_Material supplied_

------------------------------------------------------------

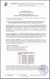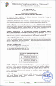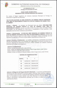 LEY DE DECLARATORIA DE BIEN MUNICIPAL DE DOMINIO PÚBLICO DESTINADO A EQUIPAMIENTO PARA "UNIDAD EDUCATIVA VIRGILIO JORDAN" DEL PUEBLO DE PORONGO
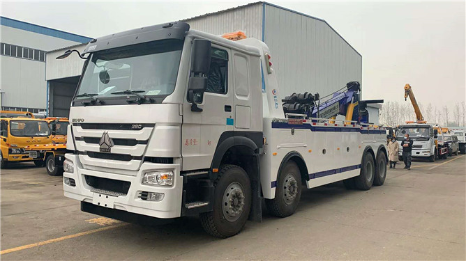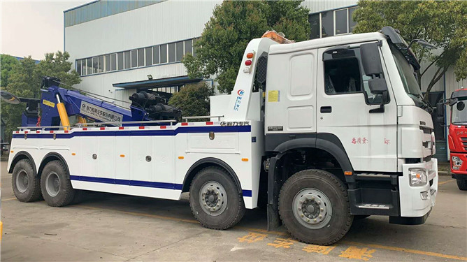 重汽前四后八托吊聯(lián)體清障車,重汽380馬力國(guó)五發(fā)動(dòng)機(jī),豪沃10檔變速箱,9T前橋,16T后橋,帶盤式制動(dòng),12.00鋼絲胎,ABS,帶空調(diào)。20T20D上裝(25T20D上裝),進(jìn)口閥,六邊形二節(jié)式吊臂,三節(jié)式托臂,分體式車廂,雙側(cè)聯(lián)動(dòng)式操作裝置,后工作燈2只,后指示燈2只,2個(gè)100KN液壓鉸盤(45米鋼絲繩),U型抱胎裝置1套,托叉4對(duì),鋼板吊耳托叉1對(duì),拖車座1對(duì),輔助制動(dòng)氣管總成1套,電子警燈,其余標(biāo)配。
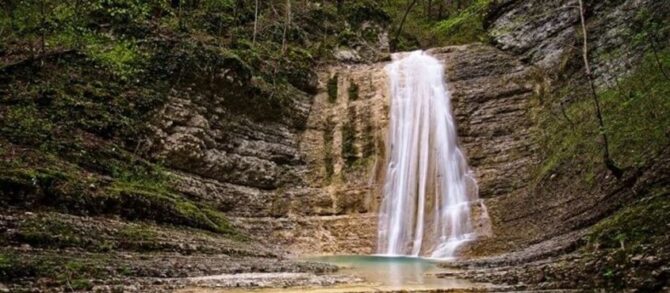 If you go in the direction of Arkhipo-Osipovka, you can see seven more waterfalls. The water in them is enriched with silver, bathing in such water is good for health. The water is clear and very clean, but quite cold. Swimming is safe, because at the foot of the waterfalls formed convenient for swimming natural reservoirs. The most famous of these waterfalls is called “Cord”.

------------------------------------------------------------

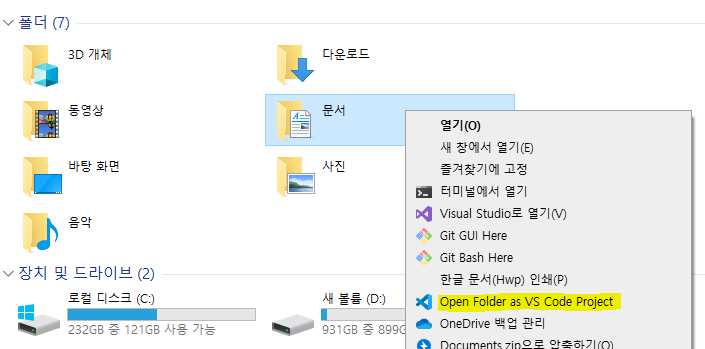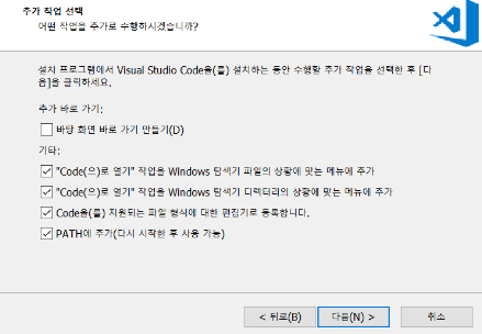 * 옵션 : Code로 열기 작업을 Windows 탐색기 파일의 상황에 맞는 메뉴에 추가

------------------------------------------------------------

Copy the lines above between the one holding "LEY DE DECLARATORIA" and the one holding "If you go in", inclusive. Drop the pictures.

_Output for this task_
 LEY DE DECLARATORIA DE BIEN MUNICIPAL DE DOMINIO PÚBLICO DESTINADO A EQUIPAMIENTO PARA "UNIDAD EDUCATIVA VIRGILIO JORDAN" DEL PUEBLO DE PORONGO
 重汽前四后八托吊聯(lián)體清障車,重汽380馬力國(guó)五發(fā)動(dòng)機(jī),豪沃10檔變速箱,9T前橋,16T后橋,帶盤式制動(dòng),12.00鋼絲胎,ABS,帶空調(diào)。20T20D上裝(25T20D上裝),進(jìn)口閥,六邊形二節(jié)式吊臂,三節(jié)式托臂,分體式車廂,雙側(cè)聯(lián)動(dòng)式操作裝置,后工作燈2只,后指示燈2只,2個(gè)100KN液壓鉸盤(45米鋼絲繩),U型抱胎裝置1套,托叉4對(duì),鋼板吊耳托叉1對(duì),拖車座1對(duì),輔助制動(dòng)氣管總成1套,電子警燈,其余標(biāo)配。
 If you go in the direction of Arkhipo-Osipovka, you can see seven more waterfalls. The water in them is enriched with silver, bathing in such water is good for health. The water is clear and very clean, but quite cold. Swimming is safe, because at the foot of the waterfalls formed convenient for swimming natural reservoirs. The most famous of these waterfalls is called “Cord”.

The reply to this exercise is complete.